Di Jawa Tengah, Pancasila tidak ditempatkan sekadar sebagai teks yang diperingati setiap tahun. Pemerintah Provinsi Jawa Tengah justru mendorong agar nilai dasar negara itu hadir dalam kebijakan dan gerakan yang benar-benar terasa di masyarakat.
Dorongan tersebut mengemuka saat peringatan Hari Lahir Pancasila tingkat Provinsi Jawa Tengah digelar di Halaman Kantor Gubernur Jawa Tengah. Tahun ini, peringatan itu mengusung tema Pancasila Pemersatu Bangsa, Fondasi Perdamaian Dunia.
Gubernur Jawa Tengah Ahmad Luthfi menegaskan bahwa Pancasila harus dijalankan dalam kehidupan berbangsa dan bernegara. Ia menempatkan Pancasila sebagai pegangan penting untuk menghadapi berbagai persoalan yang muncul di tengah masyarakat.
Bagi Pemprov Jawa Tengah, nilai itu tidak cukup berhenti di ruang seremonial. Pancasila diarahkan menjadi dasar berpikir yang menyatu dengan cara kerja pemerintah daerah dan juga dengan kehidupan warga.
Penekanan tersebut juga lahir dari kondisi Jawa Tengah yang majemuk. Di provinsi ini hidup beragam suku, bahasa, ras, dan latar belakang sosial yang membutuhkan titik temu bersama.
Dalam situasi seperti itu, Luthfi menilai perbedaan tidak boleh berubah menjadi jarak antarmasyarakat. Ia menegaskan bahwa persatuan harus dijaga agar keberagaman tetap menjadi kekuatan.

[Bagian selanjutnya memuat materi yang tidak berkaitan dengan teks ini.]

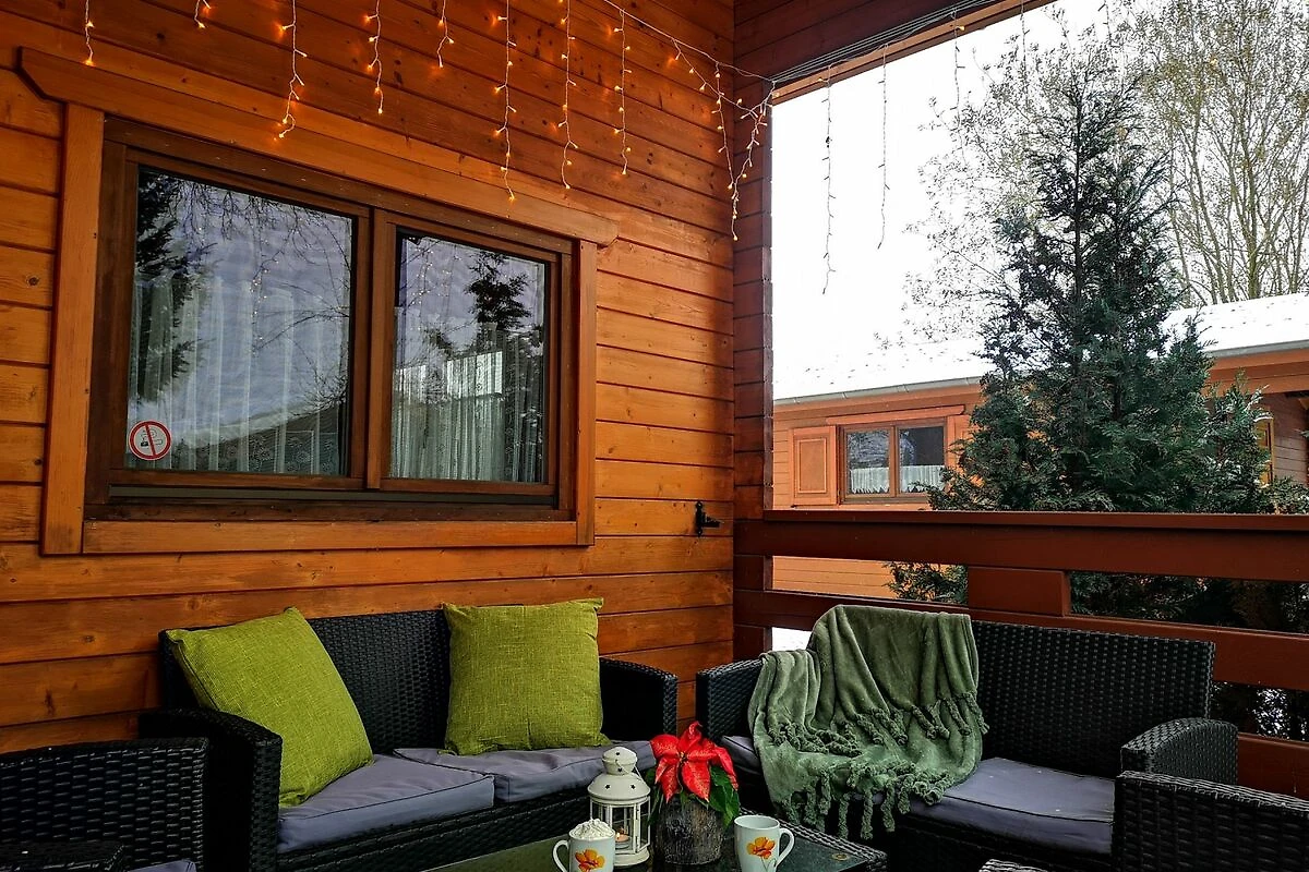 Die überdachte Terrasse ist mit Sitzmöglichkeiten bestückt.

“Apapun suku, bangsa, bahasa, maupun ras, tetap Pancasila sebagai perekat kita,” ujarnya.
Pernyataan itu sekaligus memperlihatkan arah kebijakan yang ingin dibangun pemerintah provinsi. Nilai Pancasila didorong hadir lewat langkah konkret, bukan hanya lewat pidato atau peringatan rutin.
Pemprov Jawa Tengah memandang pendekatan tersebut penting agar Pancasila terasa dalam penyelesaian persoalan sosial. Dengan begitu, nilai dasar negara itu tidak hanya menjadi simbol nasional, tetapi juga pedoman dalam kehidupan sehari-hari.

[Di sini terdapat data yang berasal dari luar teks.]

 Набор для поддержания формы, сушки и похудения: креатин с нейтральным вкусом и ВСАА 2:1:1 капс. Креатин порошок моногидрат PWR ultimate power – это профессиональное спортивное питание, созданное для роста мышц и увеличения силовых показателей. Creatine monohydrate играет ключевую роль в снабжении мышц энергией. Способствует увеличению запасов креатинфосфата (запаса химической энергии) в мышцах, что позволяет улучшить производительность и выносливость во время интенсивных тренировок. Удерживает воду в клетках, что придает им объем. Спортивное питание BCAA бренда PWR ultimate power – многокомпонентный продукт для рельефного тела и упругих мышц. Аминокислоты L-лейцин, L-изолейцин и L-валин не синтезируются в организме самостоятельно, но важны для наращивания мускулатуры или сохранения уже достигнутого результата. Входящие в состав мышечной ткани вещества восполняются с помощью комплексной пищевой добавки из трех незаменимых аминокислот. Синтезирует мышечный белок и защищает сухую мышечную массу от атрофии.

Tema peringatan tahun ini ikut memperkuat pesan tersebut. Pancasila Pemersatu Bangsa, Fondasi Perdamaian Dunia menegaskan bahwa persatuan di dalam negeri menjadi pijakan bagi harmoni yang lebih luas.

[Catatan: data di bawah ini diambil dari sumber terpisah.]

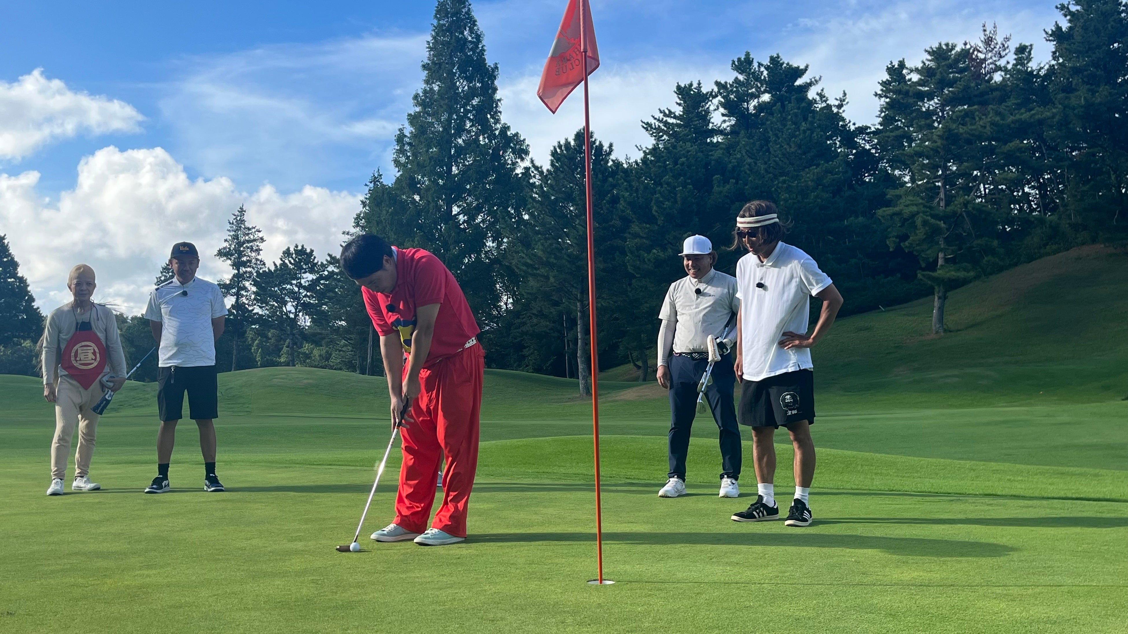 あるホールでは、タカがショートパットでガチガチに緊張……顔をこわばらせて爆笑をかっさらいます。一方、うまくいかない一打があったトシには、佐々木プロがアドバイスを送るなど、学びながら、楽しみながらラウンドを回ります。

Di tengah keberagaman yang terus berkembang, Pemprov Jawa Tengah menempatkan Pancasila sebagai titik temu bersama. Pemerintah provinsi berharap nilai itu terus hidup dalam kebijakan, gerakan, dan sikap sehari-hari agar Jawa Tengah tetap solid dalam keberagaman.